You can create a credentials file by using the aws configure command provided by the AWS CLI, or you can create it by editing the file with a text editor. For information about the credentials file format, see AWS Credentials File Format.
5. Amazon ECS container credentials — loaded from the Amazon ECS if the environment variable AWS_CONTAINER_CREDENTIALS_RELATIVE_URI is set. The AWS SDK for Java uses the ContainerCredentialsProvider to load these credentials. You can specify the IP address for this value.
6. Instance profile credentials — used on EC2 instances, and delivered through the Amazon EC2 metadata service. The AWS SDK for Java uses the InstanceProfileCredentialsProvider to load these credentials. You can specify the IP address for this value.
Since we were using InstanceProfileCredentialsProvider, and this provider retrieves credentials by doing a network call to Amazon EC2 Instance Metadata Service (IMDS). The credential provider keeps these credentials cached but when they expire, it makes a network call to IMDS, and due to this network call sometimes it is common to experience the latency. If the call to IMDS fails then it falls back to cached credentials, but since there is no option to configure timeout on IMDS call there was no way to avoid this latency.
The Solution
When we make a GETITEM request, DynamoDB client uses DefaultAWSCredentialsProviderChain to fetch the credentials and when credentials are near expiration it makes a network call to IMDS. This was the main reason of latency spikes in our API. To avoid this network call, we implemented a custom AWS Credential Provider :
@Slf4j
@Service
public class AwsCustomCredentialsProvider implements AWSCredentialsProvider {
private static final AWSCredentialsProvider awsCredentialsProvider = new DefaultAWSCredentialsProviderChain();
private static final AtomicReference<AWSCredentials> cachedAwsCredentials = new AtomicReference<>();
@Override
public AWSCredentials getCredentials() {
return cachedAwsCredentials.get() != null ? cachedAwsCredentials.get() : fetchAndUpdateCredentials();
}
@Override
public void refresh() {
fetchAndUpdateCredentials();
}
@Scheduled(fixedRate = 5 * 60 * 1000)
private AWSCredentials fetchAndUpdateCredentials() {
long start = System.currentTimeMillis();
log.info("Refreshing AWS Credentials....");
try {
cachedAwsCredentials.set(awsCredentialsProvider.getCredentials());
log.info("Refreshed AWS Credentials successfully in : {} ms", System.currentTimeMillis() - start);
} catch (Throwable th) {
log.error("fetchAndUpdateCredentials :: Exception occurred", th);
}
return cachedAwsCredentials.get();
}
}This custom credential provider makes the call to IMDS every 5 minutes and caches the results.
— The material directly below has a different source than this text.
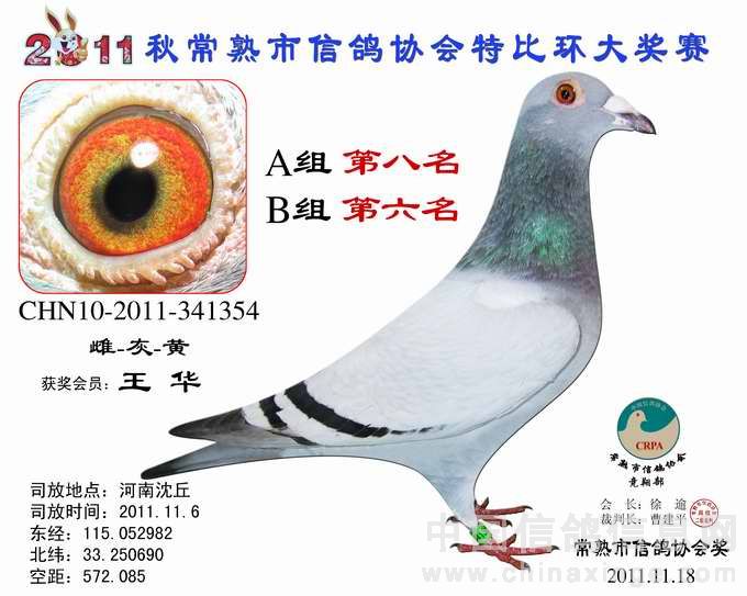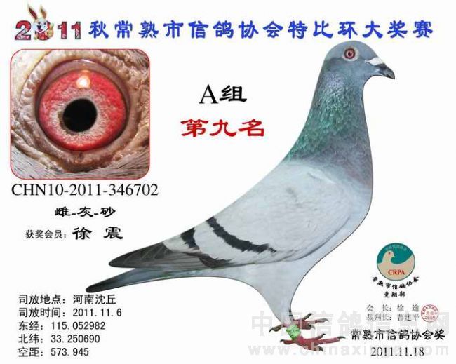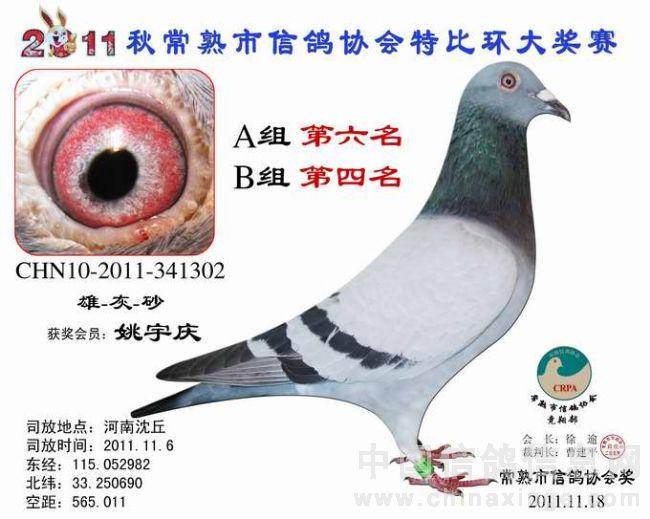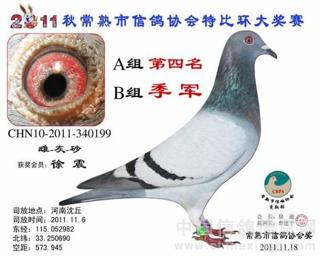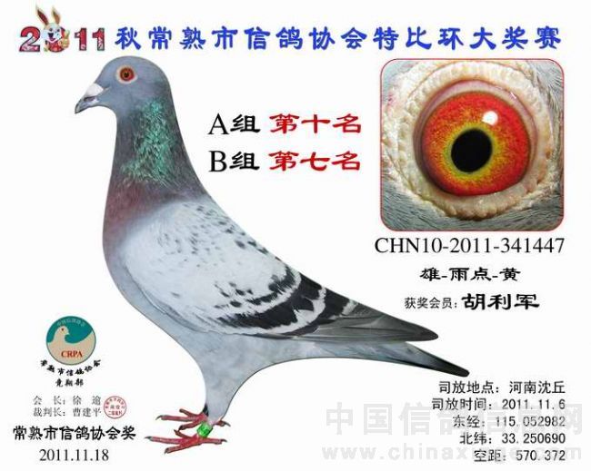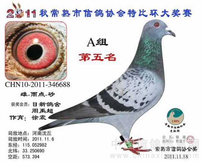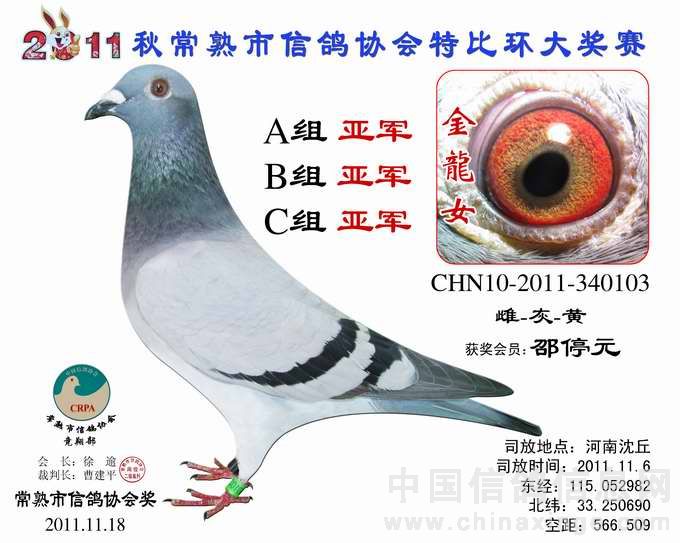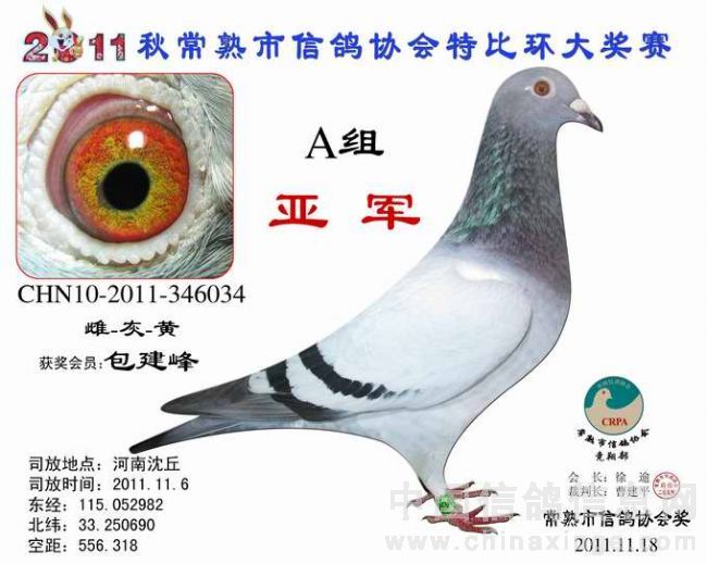 -------------------------------------------------------------------------------------------- 司放地点: 河南沈丘 司放时间: 2011-11-16 07:20:00 经纬度: 115.052982 E,33.250690 N -------------------------------------------------------------------------------------------- 名 次 鸽主姓名 棚号 足环号码 归巢时间 空距(千米) 分速(米/分) -------------------------------------------------------------------------------------------- 1 瞿雪祥 050047 2011-10-340149 2011-11-16 17:37:12 571.403 925.7755 -------------------------------------------------------------------------------------------- 2 包建峰 050267 2011-10-346034 2011-11-17 07:15:00 556.318 802.7488 -------------------------------------------------------------------------------------------- 3 邵停元 050002 2011-10-340103 2011-11-17 07:28:36 566.509 801.7308 -------------------------------------------------------------------------------------------- 4 徐 震 050075 2011-10-340199 2011-11-17 07:47:12 573.945 791.4161 -------------------------------------------------------------------------------------------- 5 日新鸽舍 050338 2011-10-346688 2011-11-17 07:54:10 573.394 783.1411 -------------------------------------------------------------------------------------------- 6 姚宇庆 050012 2011-10-341302 2011-11-17 07:45:19 565.011 781.1302 -------------------------------------------------------------------------------------------- 7 姚耀良 050119 2011-10-340831 2011-11-17 07:43:45 563.574 780.8337 -------------------------------------------------------------------------------------------- 8 王 华 050342 2011-10-341354 2011-11-17 08:06:40 572.085 768.2357 -------------------------------------------------------------------------------------------- 9 徐 震 050075 2011-10-346702 2011-11-17 08:11:58 573.945 765.2826 -------------------------------------------------------------------------------------------- 10 胡利军 050314 2011-10-341447 2011-11-17 08:10:16 570.372 762.2549 -------------------------------------------------------------------------------------------- 11 顾雪峰 050385 2011-10-346335 2011-11-17 08:13:54 571.010 759.4105 -------------------------------------------------------------------------------------------- 12 陈文华 050135 2011-10-340893 2011-11-17 08:17:36 572.974 758.3027 -------------------------------------------------------------------------------------------- 13 姚耀良 050119 2011-10-342614 2011-11-17 08:06:06 563.574 757.3776 -------------------------------------------------------------------------------------------- 14 陆 琰 050009 2011-10-342981 2011-11-17 08:09:28 564.928 755.7806 -------------------------------------------------------------------------------------------- 15 陆永明 050066 2011-10-346375 2011-11-17 08:16:10 565.442 749.7501 -------------------------------------------------------------------------------------------- 16 陈文华 050135 2011-10-340889 2011-11-17 08:28:43 572.974 747.3020 -------------------------------------------------------------------------------------------- 17 杨祝平 050187 2011-10-342236 2011-11-17 08:24:25 567.460 744.2827 -------------------------------------------------------------------------------------------- 18 顾雪峰 050385 2011-10-341216 2011-11-17 08:32:37 571.010 740.9625 -------------------------------------------------------------------------------------------- 19 彭宇明 050320 2011-10-340918 2011-11-17 08:34:50 571.980 740.1054 -------------------------------------------------------------------------------------------- 20 钱友明 050136 2011-10-346045 2011-11-17 08:16:03 557.428 739.2356 -------------------------------------------------------------------------------------------- 21 胡利军 050314 2011-10-341443 2011-11-17 08:36:50 570.372 736.1152 -------------------------------------------------------------------------------------------- 22 日新鸽舍 050338 2011-10-346696 2011-11-17 08:42:47 573.394 734.3733 -------------------------------------------------------------------------------------------- 23 钱友明 050136 2011-10-346058 2011-11-17 08:30:27 557.428 725.3824 -------------------------------------------------------------------------------------------- 24 陆虎保 050327 2011-10-346215 2011-11-17 08:30:32 556.685 724.3452 -------------------------------------------------------------------------------------------- 25 沈正峰 050331 2011-10-346103 2011-11-17 08:27:38 554.556 724.3092 -------------------------------------------------------------------------------------------- 26 袁建荣 050311 2011-10-342906 2011-11-17 08:43:32 565.103 723.0571 -------------------------------------------------------------------------------------------- 27 徐林元 050313 2011-10-340638 2011-11-17 08:44:21 557.703 712.8531 -------------------------------------------------------------------------------------------- 28 龚一平 050014 2011-10-341422 2011-11-17 08:39:27 553.490 711.9290 -------------------------------------------------------------------------------------------- 29 朱 慧 050016 2011-10-342752 2011-11-17 08:57:37 565.928 711.3014 -------------------------------------------------------------------------------------------- 30 曹增祥 050050 2011-10-342478 2011-11-17 08:54:25 561.027 707.9921 -------------------------------------------------------------------------------------------- 31 Tiger鸽舍 050111 2011-10-346111 2011-11-17 09:02:28 565.195 706.0788 -------------------------------------------------------------------------------------------- 32 吴卫东 050117 2011-10-340747 2011-11-17 09:22:26 578.285 704.8412 -------------------------------------------------------------------------------------------- 33 吴建国 050099 2011-10-342328 2011-11-17 09:05:14 564.567 702.8663 -------------------------------------------------------------------------------------------- 34 彭宇明 050320 2011-10-340920 2011-11-17 09:15:56 571.980 702.7289 ---------------------------------

This way, when Dynamo DB client always picks the credentials from cache.
We configured this provider like below :
AmazonDynamoDBClientBuilder.standard()
.withClientConfiguration(config)
.withCredentials(awsCustomCredentialsProvider)
.withMetricsCollector(dynamoMetricRequest)
.withRegion("ap-south-1")
.build();And bingo, our latency was reduced and there were no more spikes!
Conclusion
If your application is using AWS Java SDK, you should ideally configure the metrics and a custom credentials provider to reduce the response time latency of your APIs.